In Dutch, I believe, OE is not a ligature.  If I remember correctly,
it reflects a time (before the spelling was reformed) when things
were written differently..  In Danish, certainly, AE is a different
character than A - E.  In French, you can write OEuil, but not
mOEt, for instance.  There is no hard and fast rule for knowing
when you can use a digram and when you can't, either.  It is rote
memorization.

So once the information is gone, there's no getting it back.

Computers have done much to damage languages, too.  In French,
even high quality (and expensive, ie. $1400+) software doesn't
always portray the OE or AE ligatures corectly.  What do the
publishers say in their own defence?  "PC and Mac character
sets don't represent all of these characters".

Bullocks.

> Conclusion: the ligatures ae and oe and the characters a-umlaut and
> o-umlaut are characters, not glyphs, and belong in the character set.
> The ligatures fi etc. are glyphs (presentation forms), and do not
> belong in the character set.

I'll go along with that.  What about IJ in Dutch?

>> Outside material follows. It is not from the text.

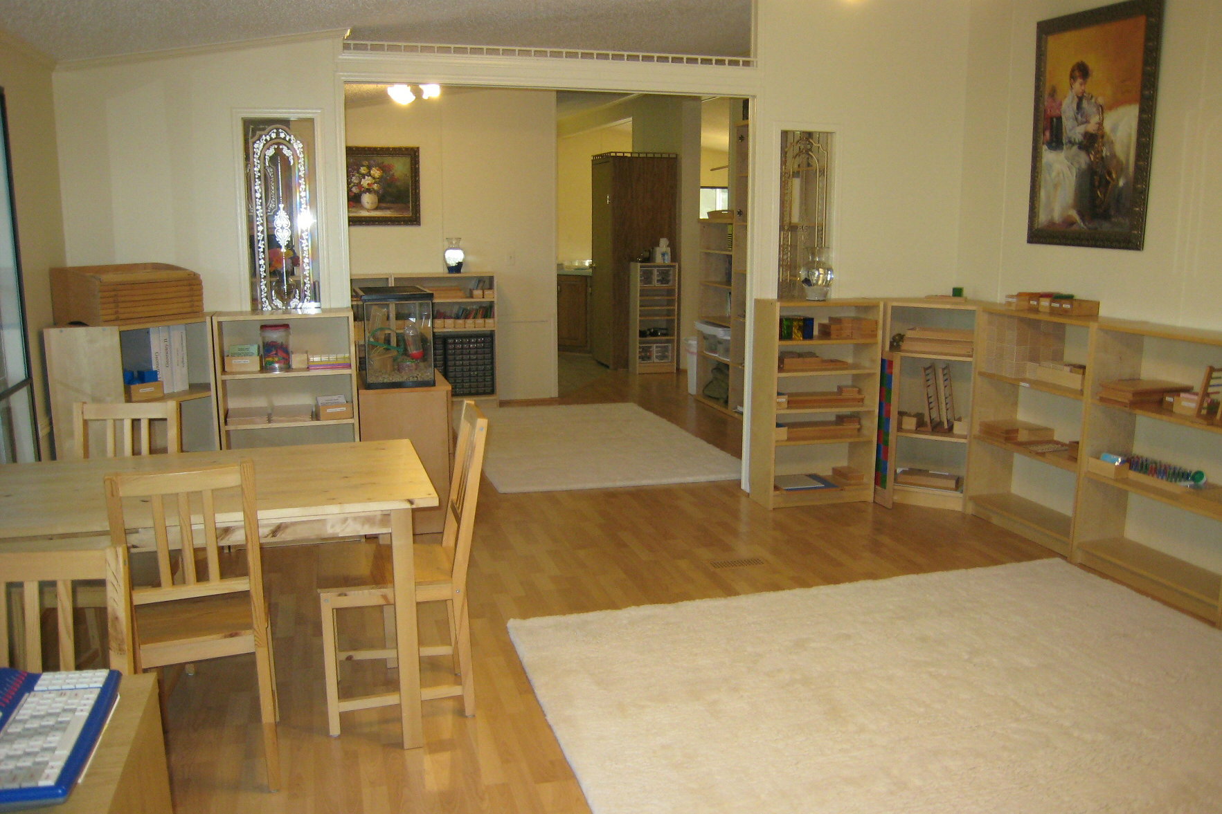 We have open, spacious classrooms filled with natural light including a screened porch for working outside, large outdoor play area, and covered outdoor area.

Here is another issue:  I was discussing IPA (Phonetics) with
some linguists, and they said that if ever I should get into the
rat's nest of integrating phonetics into HTML, to be sure and include
"composed" or over-struck characters (like O'~ in Vietnamese).  Why?
Because a modern linguist often has to "invent" new notations in
the field to catalog a language before new sounds can be properly
dissected, annotated, etc.  Overstriking is the only way to
reflect a sound that is the combination or ellision of two or more
sounds.

But don't take my word for it.  Ask a linguist.  ;-)

-Philip